WORK REQUEST: The reply should hold only the lines below beginning at the one with "The Aarco BOFD1824L" and ending at the one with "陶红,3044am永利集团3044noc材料物理与化学专业2015级硕士研究生", copied exactly, with every picture left out.

TASK DATA:

--- START ---

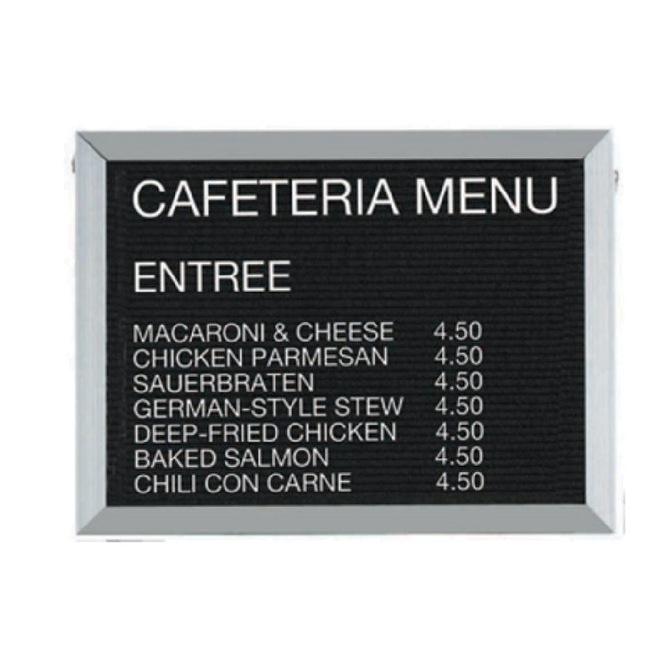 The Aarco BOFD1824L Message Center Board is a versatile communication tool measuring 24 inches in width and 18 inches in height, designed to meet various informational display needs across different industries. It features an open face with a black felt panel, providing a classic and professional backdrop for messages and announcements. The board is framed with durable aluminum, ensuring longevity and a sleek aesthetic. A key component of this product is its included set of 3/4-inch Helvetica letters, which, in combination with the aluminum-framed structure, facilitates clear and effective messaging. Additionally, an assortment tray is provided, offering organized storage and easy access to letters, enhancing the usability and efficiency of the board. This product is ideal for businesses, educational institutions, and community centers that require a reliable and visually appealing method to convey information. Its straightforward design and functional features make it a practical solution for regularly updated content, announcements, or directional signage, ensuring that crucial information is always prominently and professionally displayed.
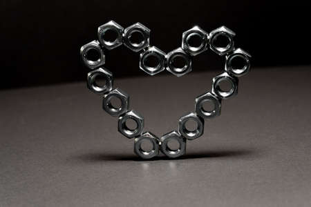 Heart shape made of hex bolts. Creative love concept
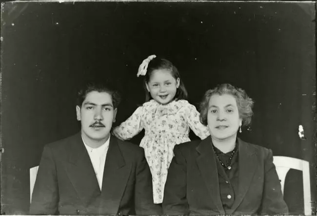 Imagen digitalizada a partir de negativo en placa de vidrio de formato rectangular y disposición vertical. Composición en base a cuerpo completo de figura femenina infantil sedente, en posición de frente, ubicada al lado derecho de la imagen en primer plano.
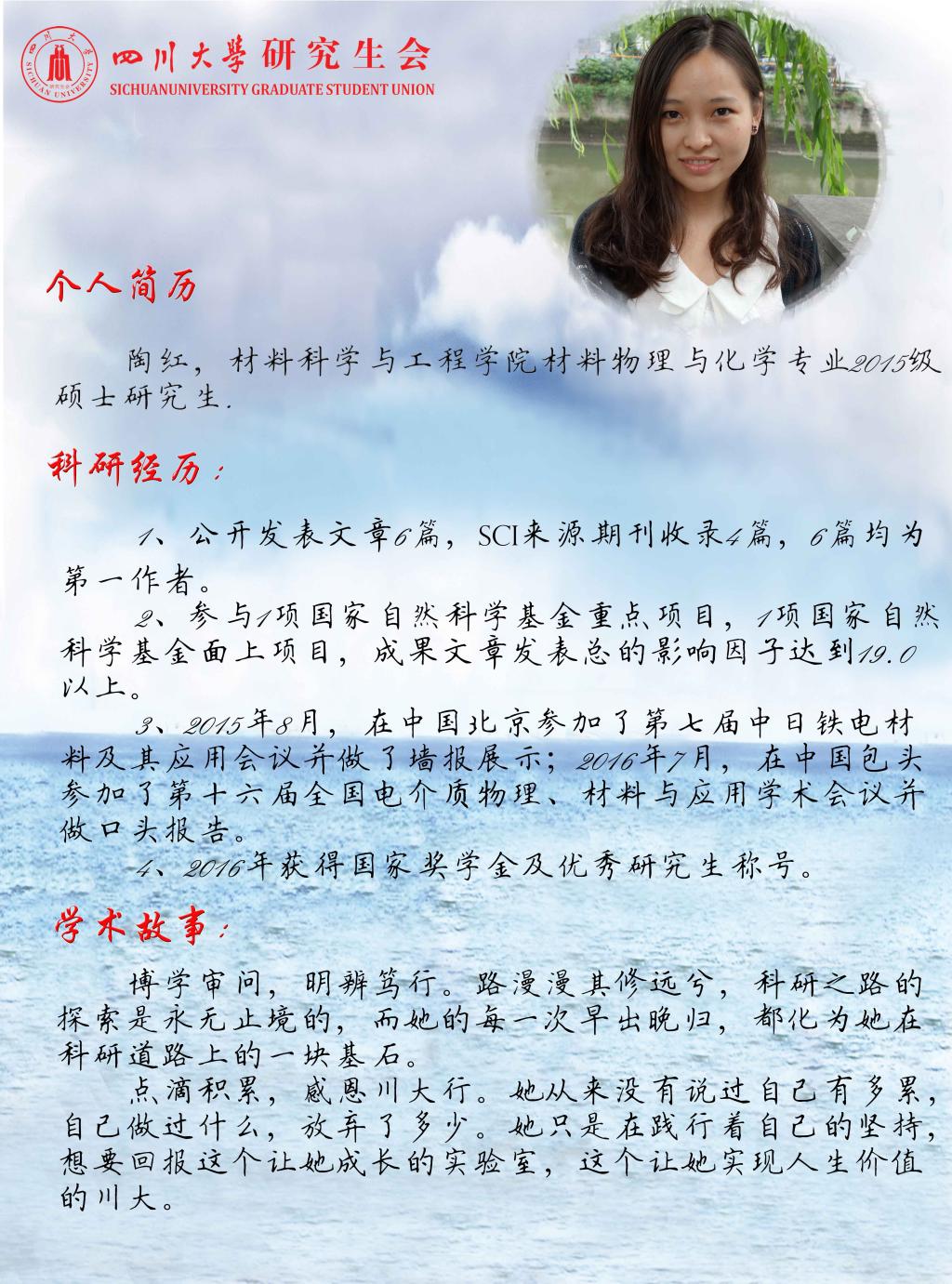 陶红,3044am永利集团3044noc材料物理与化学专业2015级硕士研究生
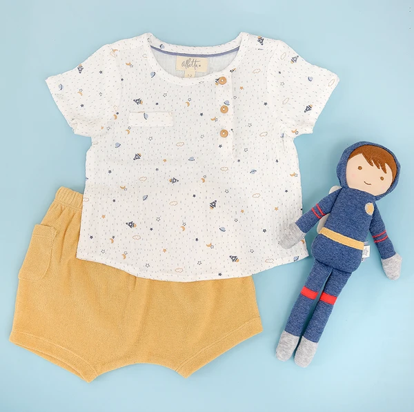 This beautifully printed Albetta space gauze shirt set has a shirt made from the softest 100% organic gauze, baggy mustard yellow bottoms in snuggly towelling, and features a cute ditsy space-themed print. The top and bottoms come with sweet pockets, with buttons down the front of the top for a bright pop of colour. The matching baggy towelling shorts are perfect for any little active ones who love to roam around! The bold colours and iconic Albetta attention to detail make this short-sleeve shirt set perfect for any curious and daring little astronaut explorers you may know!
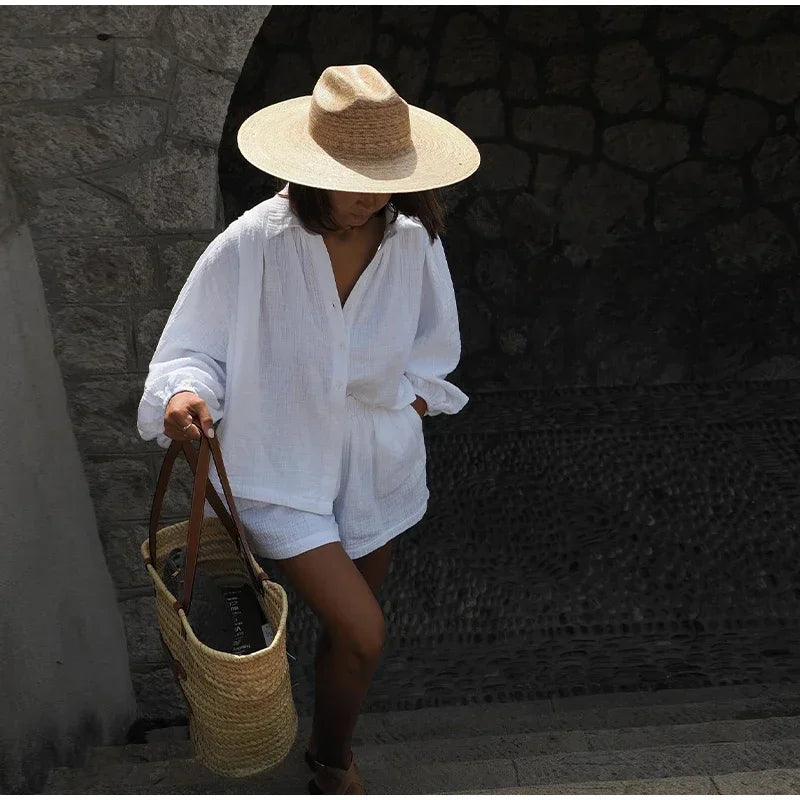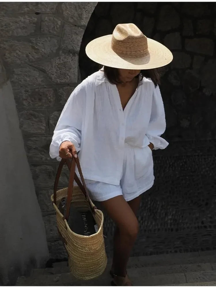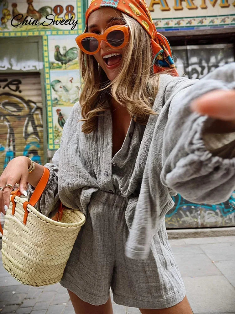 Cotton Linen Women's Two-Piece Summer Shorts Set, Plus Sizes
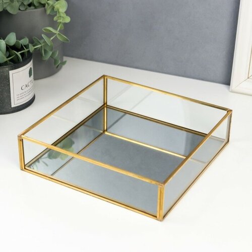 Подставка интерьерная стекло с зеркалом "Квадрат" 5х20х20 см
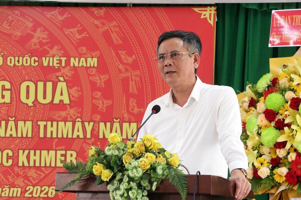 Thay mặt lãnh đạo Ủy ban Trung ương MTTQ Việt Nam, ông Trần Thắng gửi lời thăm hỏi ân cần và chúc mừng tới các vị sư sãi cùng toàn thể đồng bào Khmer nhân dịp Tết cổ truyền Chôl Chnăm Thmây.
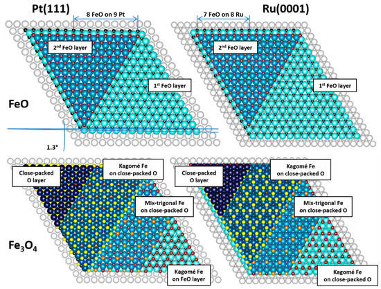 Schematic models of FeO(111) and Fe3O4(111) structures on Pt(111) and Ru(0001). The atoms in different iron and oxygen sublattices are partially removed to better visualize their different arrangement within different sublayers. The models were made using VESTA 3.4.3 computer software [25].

--- END ---
--- START ---

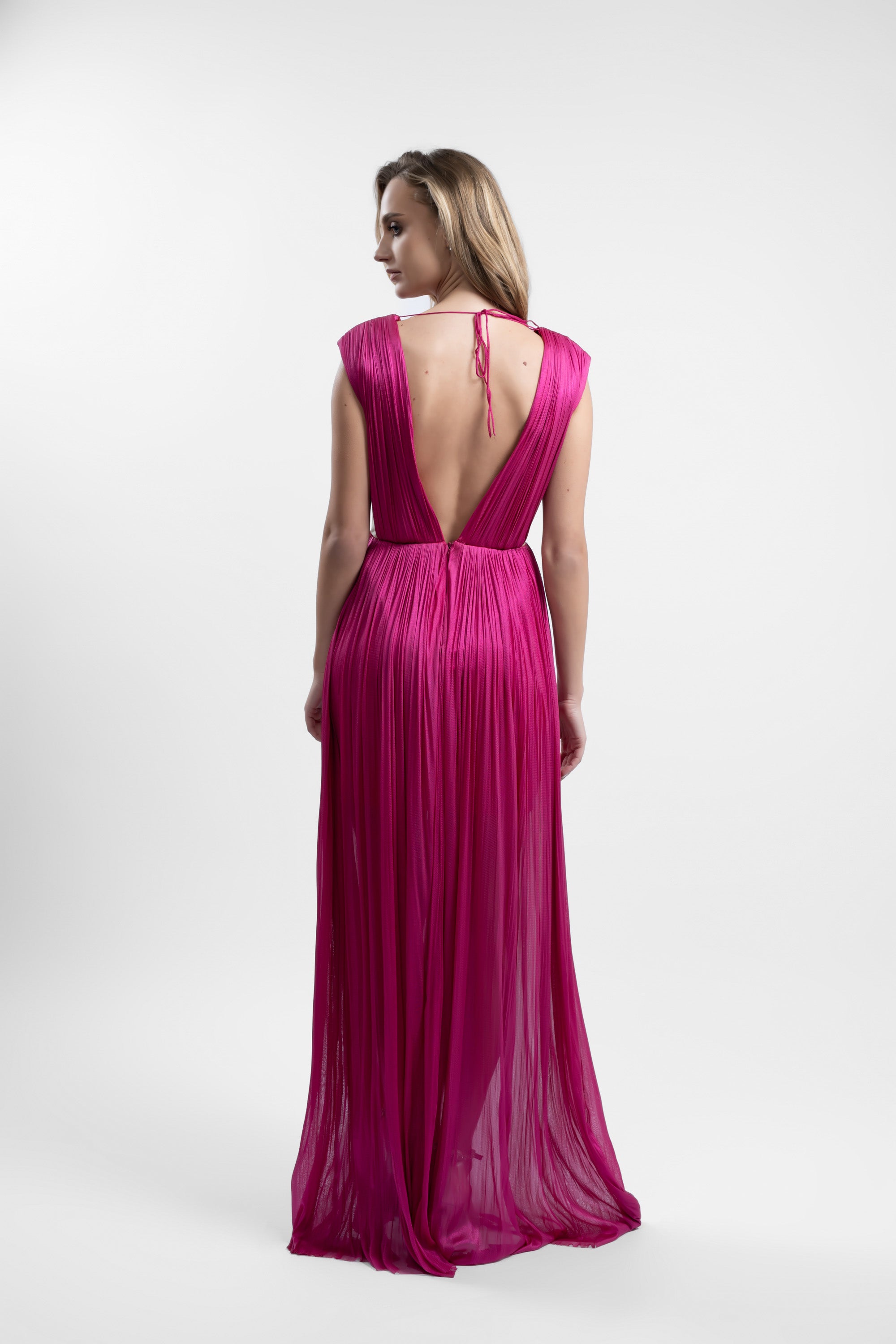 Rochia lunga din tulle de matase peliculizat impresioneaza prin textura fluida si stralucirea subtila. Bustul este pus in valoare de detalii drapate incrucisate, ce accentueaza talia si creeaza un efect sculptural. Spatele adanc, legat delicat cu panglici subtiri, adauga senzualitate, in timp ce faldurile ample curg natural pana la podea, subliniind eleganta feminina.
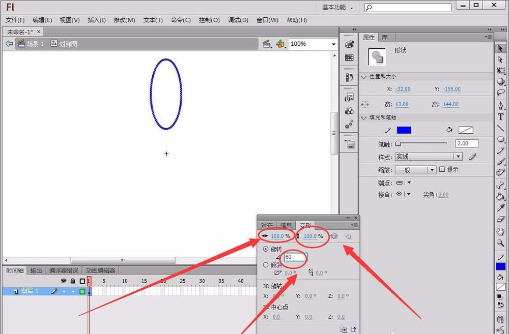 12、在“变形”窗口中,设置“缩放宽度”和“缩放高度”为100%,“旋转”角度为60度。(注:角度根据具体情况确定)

--- END ---

TASK ANSWER:
 The Aarco BOFD1824L Message Center Board is a versatile communication tool measuring 24 inches in width and 18 inches in height, designed to meet various informational display needs across different industries. It features an open face with a black felt panel, providing a classic and professional backdrop for messages and announcements. The board is framed with durable aluminum, ensuring longevity and a sleek aesthetic. A key component of this product is its included set of 3/4-inch Helvetica letters, which, in combination with the aluminum-framed structure, facilitates clear and effective messaging. Additionally, an assortment tray is provided, offering organized storage and easy access to letters, enhancing the usability and efficiency of the board. This product is ideal for businesses, educational institutions, and community centers that require a reliable and visually appealing method to convey information. Its straightforward design and functional features make it a practical solution for regularly updated content, announcements, or directional signage, ensuring that crucial information is always prominently and professionally displayed.
 Heart shape made of hex bolts. Creative love concept
 Imagen digitalizada a partir de negativo en placa de vidrio de formato rectangular y disposición vertical. Composición en base a cuerpo completo de figura femenina infantil sedente, en posición de frente, ubicada al lado derecho de la imagen en primer plano.
 陶红,3044am永利集团3044noc材料物理与化学专业2015级硕士研究生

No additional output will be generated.